Part 1 Object Detection using YOLOv2 on Pascal VOC2012 - anchor box clustering

Screen Shot 2018-12-25 at 7.32.35 PM

This is the first blog post of Object Detection with YOLO blog series. The goal of this blog series is to understand the state-of-art object detection algorithm, called YOLO (you only look once). Allegedly, Andrew Ng mentioned that YOLO is the best object detection algorithm in his course. See the youtube video below:

In [1]:
import sys
from IPython.display import IFrame
IFrame("https://www.youtube.com/embed/6ykvU9WuIws?start=340", width=990/2, height=800/2)
3.6.3 |Anaconda, Inc.| (default, Oct  6 2017, 12:04:38) 
[GCC 4.2.1 Compatible Clang 4.0.1 (tags/RELEASE_401/final)]

While there are quite a few blog posts that discuss YOLO, many of them only discuss YOLOv2 and not YOLOv2, which is more powerful. I have seen many confused comments online about YOLOv2 partly because the paper does not discuss the defenition of the YOLO loss function explicitly (, and I was one of them). This blog series is heavy as I try to go over the YOLOv2 code line by line. I am doing this largely to keep track on my learning progress. However, I hope that this series will also benefit someone who are eager to have complehensive understanding of YOLOv2 and want to implent YOLOv2 on your own.

I will go into YOLO's input/output encoding procedure in Part 2 Object Detection using YOLOv2 on Pascal VOC2012 - input and output encoding, Then the model architecture will be discussed at: Part 3 Object Detection using YOLOv2 on Pascal VOC2012 - model. I will go over the YOLOv2's loss function line by line at: Part 4 Object Detection using YOLOv2 on Pascal VOC2012 - loss The model training scripts are available in - Part 5 Object Detection using YOLOv2 on Pascal VOC2012 - training. I will discuss and implement the prediction with the nonmax suppression at Part 6 Object Detection using YOLOv2 on Pascal VOC 2012 data - inference on image. Finally, the trained modles are used for inference on video at Part 7 Object Detection using YOLOv2 on Pascal VOC 2012 data - inference on video.

This blog post

The focus of this blog is to understand the distribution of the bounding box shape. The understanding of the bounding box shape distribution will later be very important to define "Anchor box" hyperparameters in Yolo training.

Anchor box

Conventionally, one of the biggest challenges in the object detection is to find multiple objects of various shapes within the same neighboorhood. For example, the picture below shows that a person is standing on a boat and hence the two objects are in the close vacinity.

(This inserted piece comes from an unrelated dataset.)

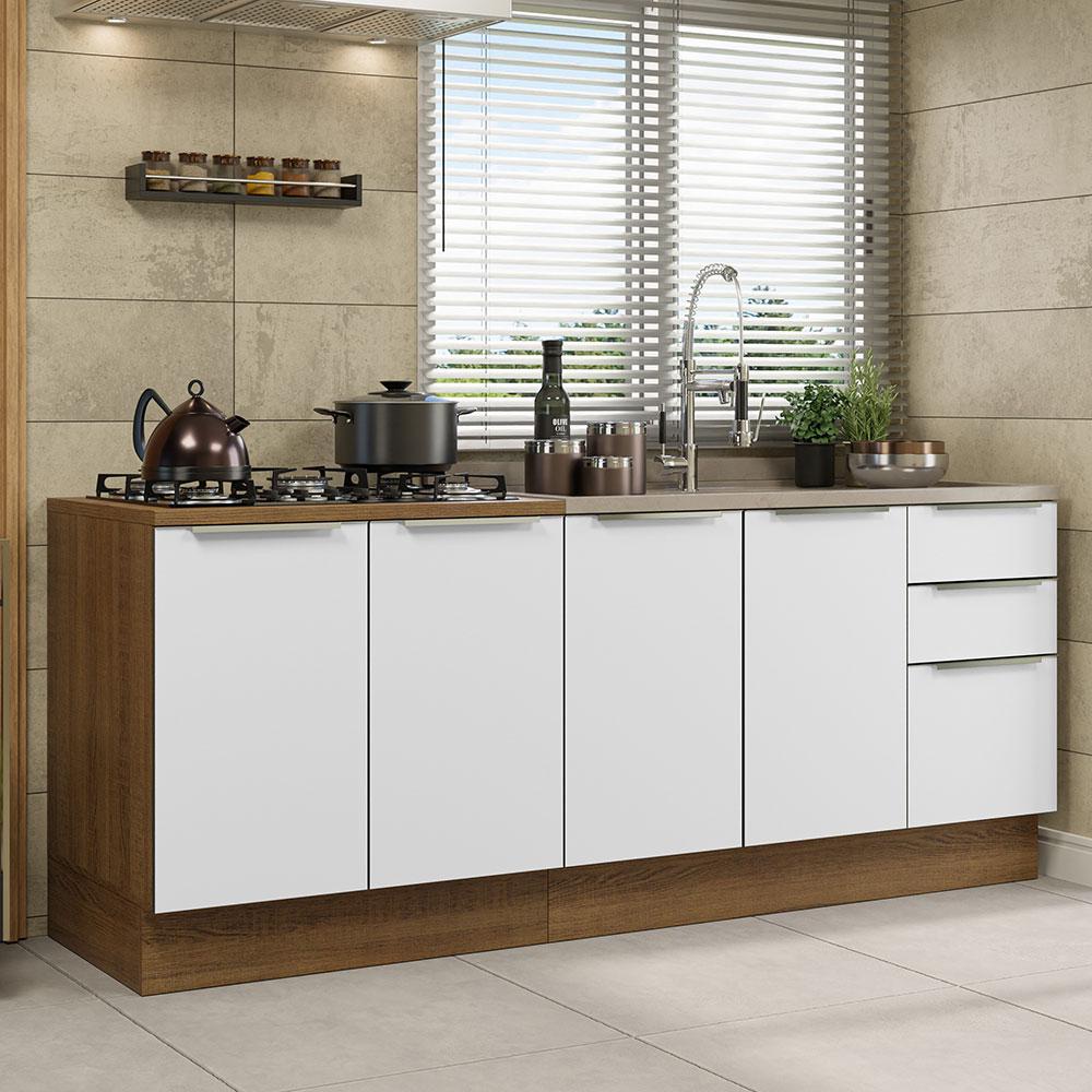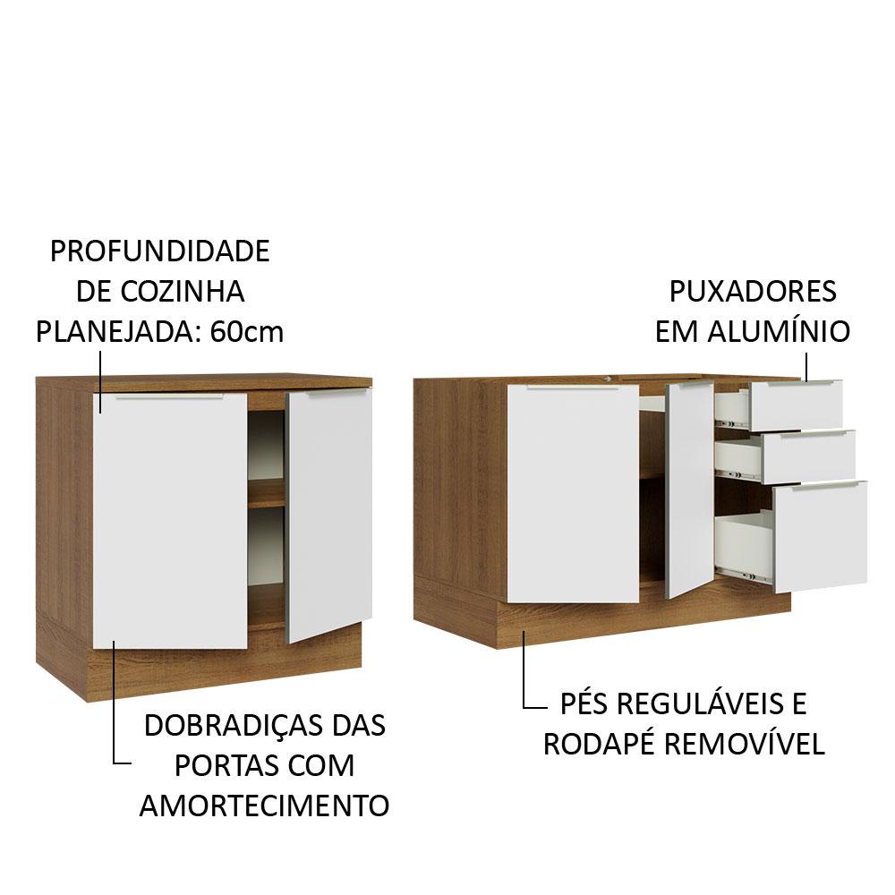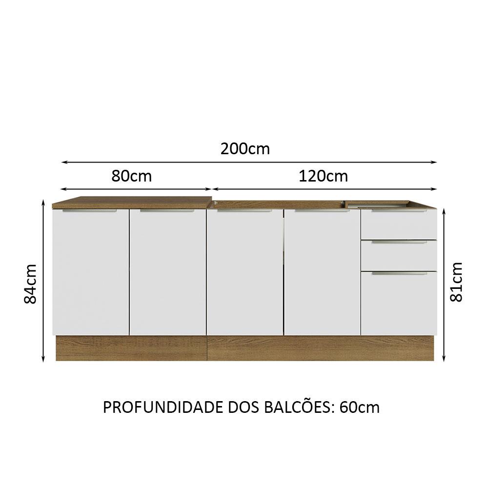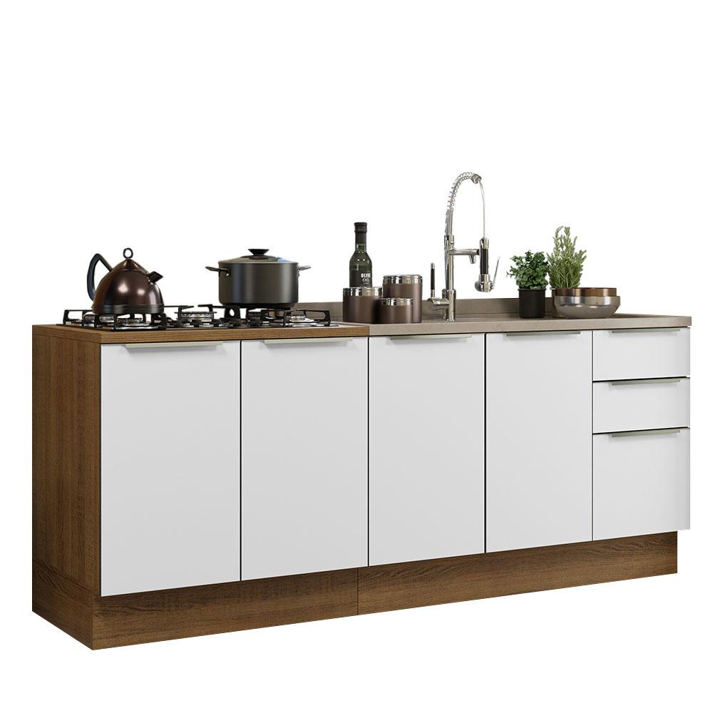 Kit com 2 Balcões de Cozinha Madesa Lux 4 Portas 3 Gavetas (Sem Tampo e Pia) Rustic/Branco Veludo

Screen Shot 2018-12-25 at 7.32.35 PM Example: two objects (a person and a boat) are in close neighboorhood.

YOLO uses an idea of "Anchor box" to wisely detect multiple objects, lying in close neighboorhood. YOLO's Anchor box requires users to predefine two hyperparameters:

  • (1) the number of anchor boxs and
  • (2) their shapes

so that multiple objects lying in close neighboorhood can be assigned to different anchor boxes.

The more anchor boxes, the more objects YOLO can detect in a close neighboorhood with the cost of more parameters in deep learning model.

What about shapes? For example, you may predefine that there are four anchor boxes, and their specializations are such that:

  • the 1st anchor box specializes small flat rectangle bounding box
  • the 2nd anchor box specializes small tall rectangle bounding box
  • the 3rd anchor box specializes large flat rectangle bounding box
  • the 4th anchor box specializes large tall rectangle bounding box

Then for the example image above, the anchor box 2 may captuers the person object and anchor box 3 may capture the boat.

Clearly, it would be waste of anchor boxes if make an anchor box to specialize the bounding box shapes that rarely exist in data.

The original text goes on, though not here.